### ACTION ITEM
Output exactly, and only, the lines below from the one with "Die Kommunikation mit" down to the one with "후 급여해 주세요 *". Include both end lines and no pictures.

### DATA TO PROCESS

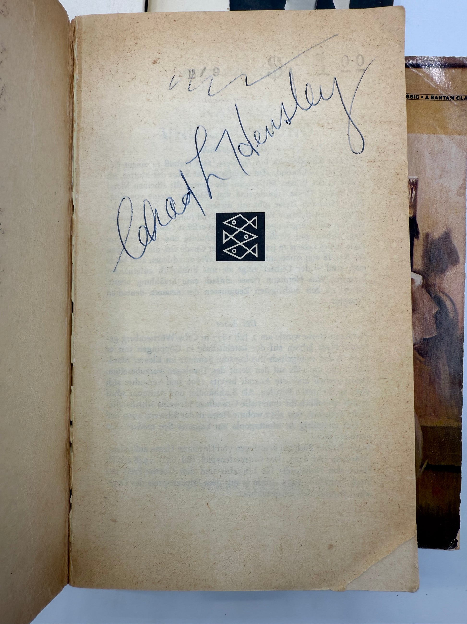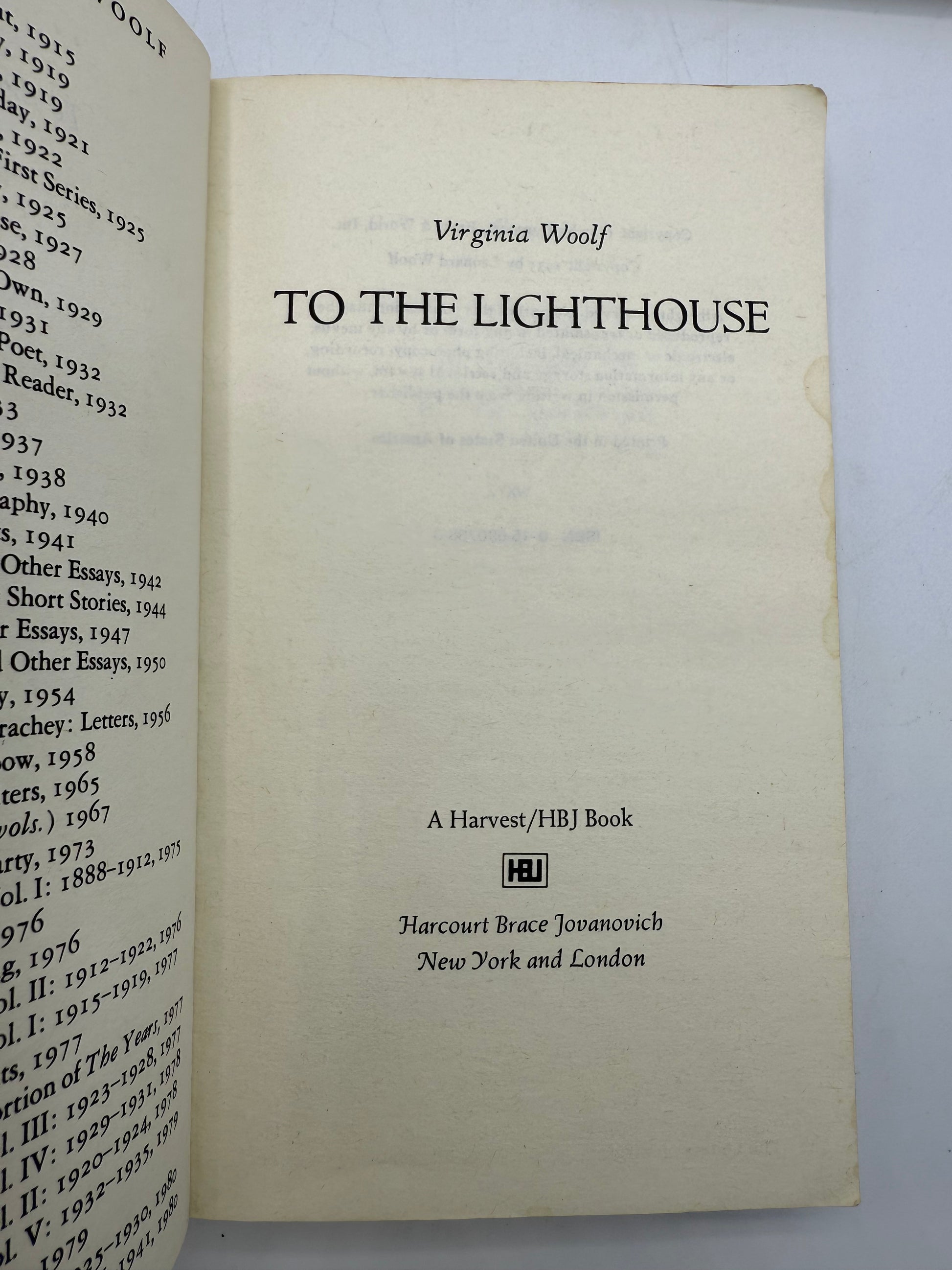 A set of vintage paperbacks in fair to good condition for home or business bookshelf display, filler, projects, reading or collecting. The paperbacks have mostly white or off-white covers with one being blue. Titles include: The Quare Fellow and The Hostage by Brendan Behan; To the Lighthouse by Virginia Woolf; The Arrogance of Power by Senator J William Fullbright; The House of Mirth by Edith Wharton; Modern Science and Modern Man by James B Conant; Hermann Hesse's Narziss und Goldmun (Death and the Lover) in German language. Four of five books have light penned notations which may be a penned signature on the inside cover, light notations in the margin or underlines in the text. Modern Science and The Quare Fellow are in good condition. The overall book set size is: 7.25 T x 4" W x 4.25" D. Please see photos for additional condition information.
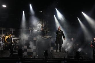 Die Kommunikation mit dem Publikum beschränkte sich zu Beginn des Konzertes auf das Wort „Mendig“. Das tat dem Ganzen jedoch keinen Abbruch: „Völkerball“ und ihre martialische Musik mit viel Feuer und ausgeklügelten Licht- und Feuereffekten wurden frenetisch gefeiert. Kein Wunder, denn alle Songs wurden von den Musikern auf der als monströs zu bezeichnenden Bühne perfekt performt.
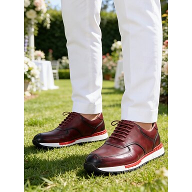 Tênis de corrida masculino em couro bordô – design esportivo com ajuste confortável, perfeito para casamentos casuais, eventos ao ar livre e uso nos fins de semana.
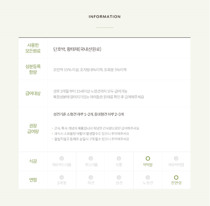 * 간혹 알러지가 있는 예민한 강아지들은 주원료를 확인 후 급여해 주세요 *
...
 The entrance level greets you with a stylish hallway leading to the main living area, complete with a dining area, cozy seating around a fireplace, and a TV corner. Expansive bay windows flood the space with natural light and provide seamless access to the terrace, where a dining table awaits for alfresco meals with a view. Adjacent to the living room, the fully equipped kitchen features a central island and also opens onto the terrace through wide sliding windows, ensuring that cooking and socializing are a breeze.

### ANSWER SECTION
 Die Kommunikation mit dem Publikum beschränkte sich zu Beginn des Konzertes auf das Wort „Mendig“. Das tat dem Ganzen jedoch keinen Abbruch: „Völkerball“ und ihre martialische Musik mit viel Feuer und ausgeklügelten Licht- und Feuereffekten wurden frenetisch gefeiert. Kein Wunder, denn alle Songs wurden von den Musikern auf der als monströs zu bezeichnenden Bühne perfekt performt.
 Tênis de corrida masculino em couro bordô – design esportivo com ajuste confortável, perfeito para casamentos casuais, eventos ao ar livre e uso nos fins de semana.
 * 간혹 알러지가 있는 예민한 강아지들은 주원료를 확인 후 급여해 주세요 *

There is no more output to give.